In August 1914 Robin was playing football in Western Australia when war broke out. On returning home he made his way to the Morphettville Race Course and enlisted in the Australian Imperial Force, having “expressed his willingness to surrender his own cherished ideas of life and success for the nation’s life and prosperity”.

Like many South Australians, Robin was posted to the 10th Battalion, joining a large number of old schoolmates from St Peter’s College. On 20 October they embarked overseas on the troopship Ascanius.

The love of Robin’s life was his childhood sweetheart, Nellie Honeywill. She, too, had volunteered for service during the war, and when the 10th Battalion reached Egypt she was working as a nurse in England. In early 1915 she travelled from London to Cairo, and the two were married at the Mena camp on Sunday 17 January in the officers’ mess of the 10th Battalion. Colonel S. Price Weir proposed a toast to the bride and groom, adding:

"we all hope that when we have defeated our enemies he will return to South Australia with his wife, to peace, long life and prosperity."

The newlyweds’ path across the parade ground to their taxi was lined with a huge crowd of cheering soldiers as men of the 10th Battalion formed an honour guard. After a short honeymoon, Nellie returned to London, and Philip to Egypt.

A photograph of nine men of the 10th battalion who shared a tent in Cairo, including Robin, is displayed beside the Pool of Reflection. Of these men, five – including Robin’s best man, Private Malcolm Teasdale Smith (bottom right at the front), and champion rower Tom Whyte (bottom left at the front), who would row one of the boats ashore on the morning of the Gallipoli landing – would not survive the war. A sixth would take his own life back in Adelaide on Remembrance Day 1922.

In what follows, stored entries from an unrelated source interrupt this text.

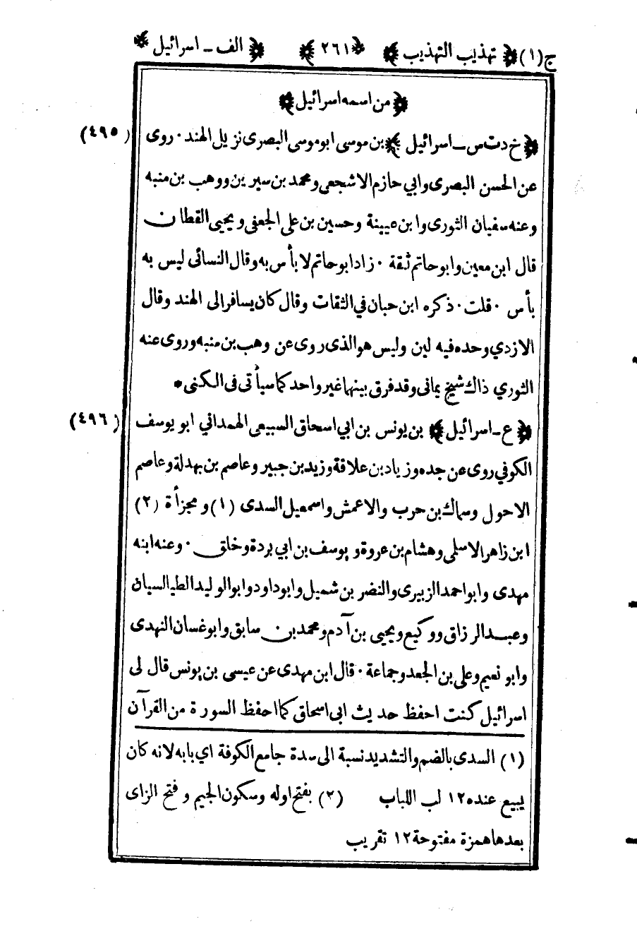 496 ـ "ع - إسرائيل" بن يونس بن أبي إسحاق السبيعي الهمداني أبو يوسف الكوفي. روى عن جده وزياد بن علاقة وزيد بن جبير وعاصم بن بهدلة وعاصم الأحول وسماك بن حرب والأعمش وإسماعيل السدي1 ومجزأة2 بن زاهر الأسلمي وهشام بن عروة ويوسف بن أبي بردة وخلق. وعنه ابنه مهدي وأبو أحمد الزبيري والنضر بن شميل وأبو داود وأبو الوليد الطيالسي وعبد الرزاق ووكيع ويحيى بن آدم ومحمد بن سابق وأبو غسان النهدي وأبو نعيم وعلى بن الجعد وجماعة. قال ابن مهدي عن عيسى بن يونس: "قال لي إسرائيل كنت أحفظ حديث أبي إسحاق كما أحفظ السورة من القرآن"
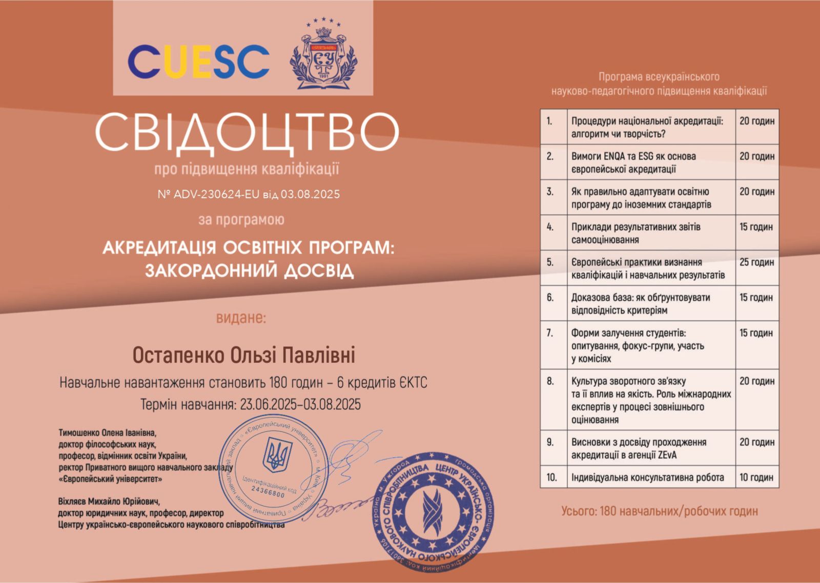 Протягом 23 червня – 3 серпня 2025 року пройшла Всеукраїнське науково-педагогічне підвищення кваліфікації "Акредитація освітніх програм: закордонний досвід" обсягом 180 годин (6 кредитів) від ЦУЄНС та Європейського університету.
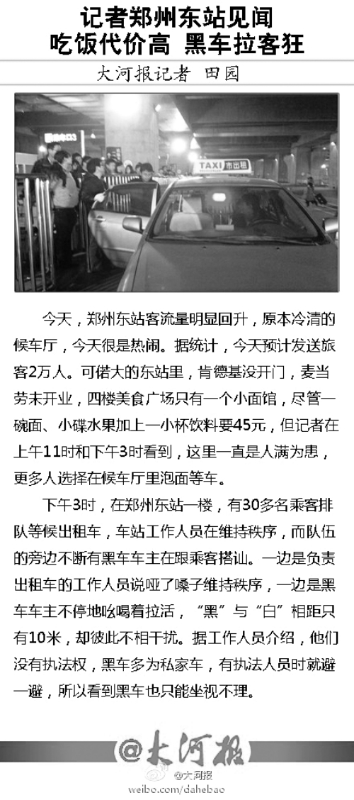 昨天,鄭州東站迎來(lái)一次客流小高峰,當(dāng)天,共發(fā)送旅客將近2萬(wàn)人次。記者來(lái)到鄭州東站體驗(yàn)發(fā)現(xiàn),平素空曠無(wú)人的西廣場(chǎng),出現(xiàn)了很多乘客的身影,三樓候車室也很熱鬧。但與熱鬧場(chǎng)景不相配的是,鄭州東站很多細(xì)節(jié)還未顧及到,吃飯代價(jià)高,“黑出租”與“白出租”公然搶生意。
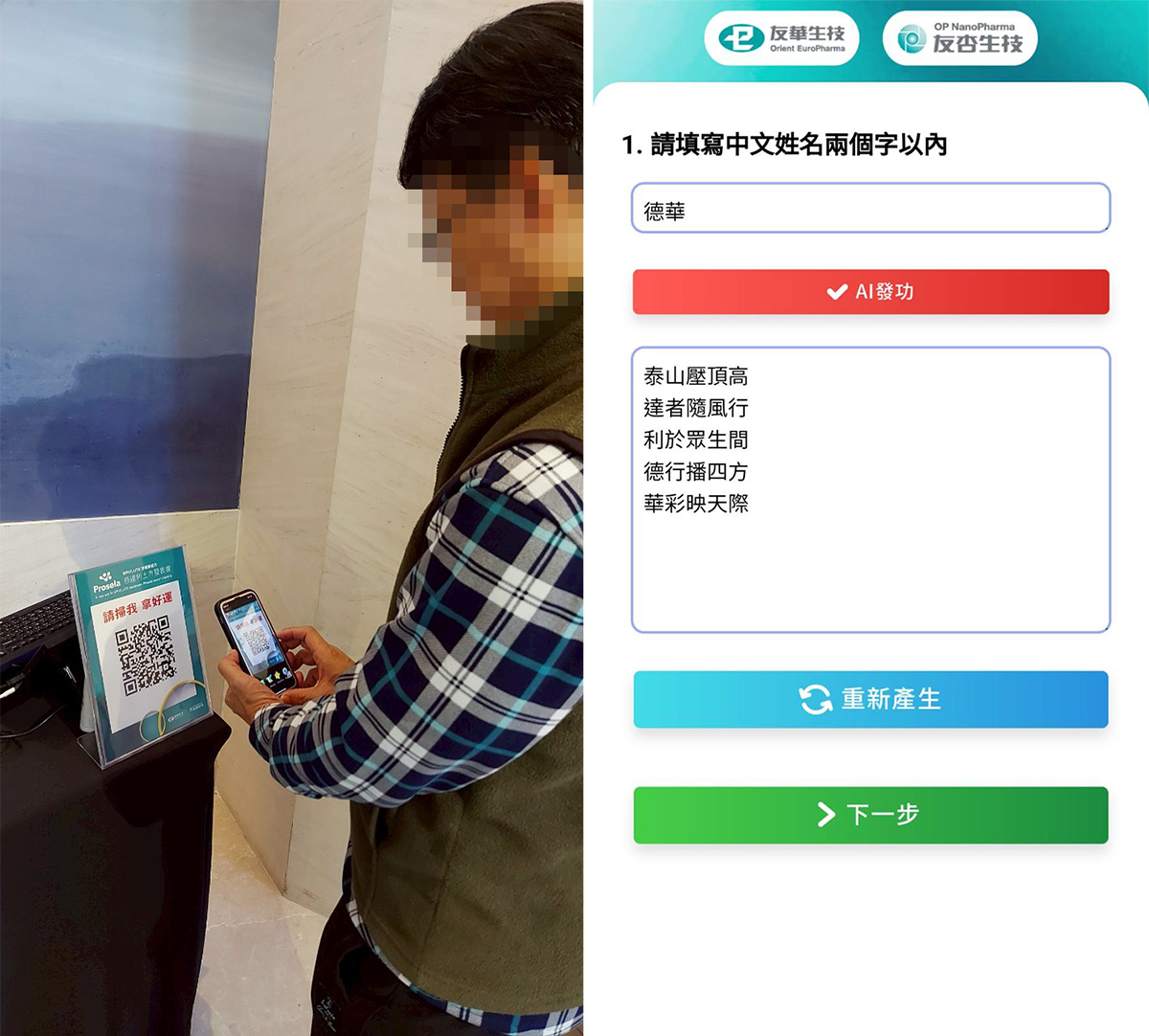 活動現場,員工只需以手機掃描QRCode,即可進入專屬的AI藏頭詩生成頁面。系統預先設定將公司名稱「
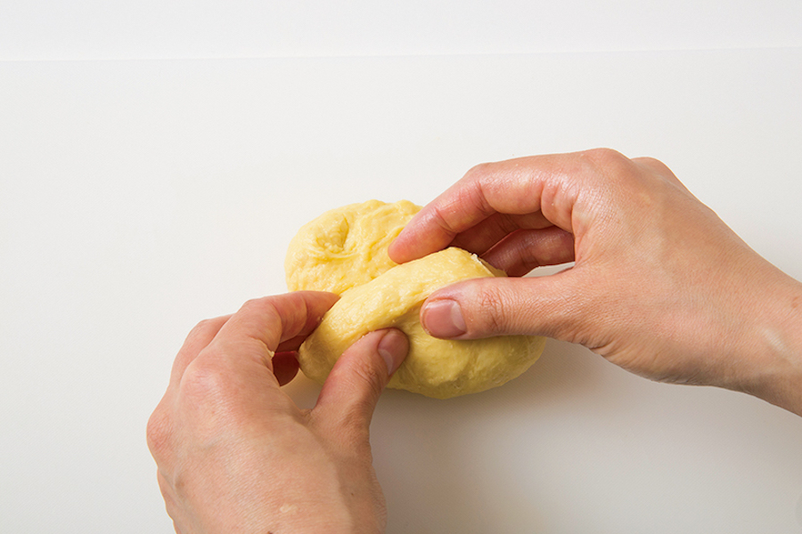 【2】ひとまとまりになったら台に取り出し、表面がなめらかになるまで折りたたむようにしてこね、丸める。

In the early hours of the 25th of April 1915 the men of the 10th Battalion rowed silently towards the Gallipoli shore at the place that would become known as Anzac Cove. Lance Corporal Robin was a member of the battalion’s scouting platoon, and he and Private Arthur Blackburn made their way inland to a position later known as Scrubby Knoll. Having been ordered to “go like hell”, they were the only two to reach this point, the furthest inland to be reached by any Australians. However, they were soon forced to withdraw by a large force of Turkish soldiers. Blackburn, who was awarded the Victoria Cross a year later at the bloodbath that was Pozières, described the scene on Gallipoli:

"Bullets were whizzing all around us and men were falling here and there. I rushed across the shore to the shelter of a small bank and there shed my pack and fixed my bayonet … The way our chaps went at it was a sight for the Gods … we just went straight on up the side of the cliff, pushing our way through thick scrub and often clambering up … on all fours."

Lance Corporal Robin was killed in action on 28 April. The exact manner of his death was unknown, and his body was never found. He was 30 years old.

Robin died never knowing that his wife was pregnant, and in yet another blow to the families, Nellie died on 22 November 1915 while giving birth to their son, “Robin”, who died just days later.

Philip Robin’s name is listed on the Lone Pine Memorial to the Missing on Gallipoli, and on the Roll of Honour on my right, among more than 60,000 others from the First World War. His photograph is displayed today beside the Pool of Reflection.

This is but one of the many stories of service and sacrifice told here at the Australian War Memorial. We now remember Lance Corporal Philip de Quetteville Robin, who gave his life for us, for our freedoms, and in the hope of a better world.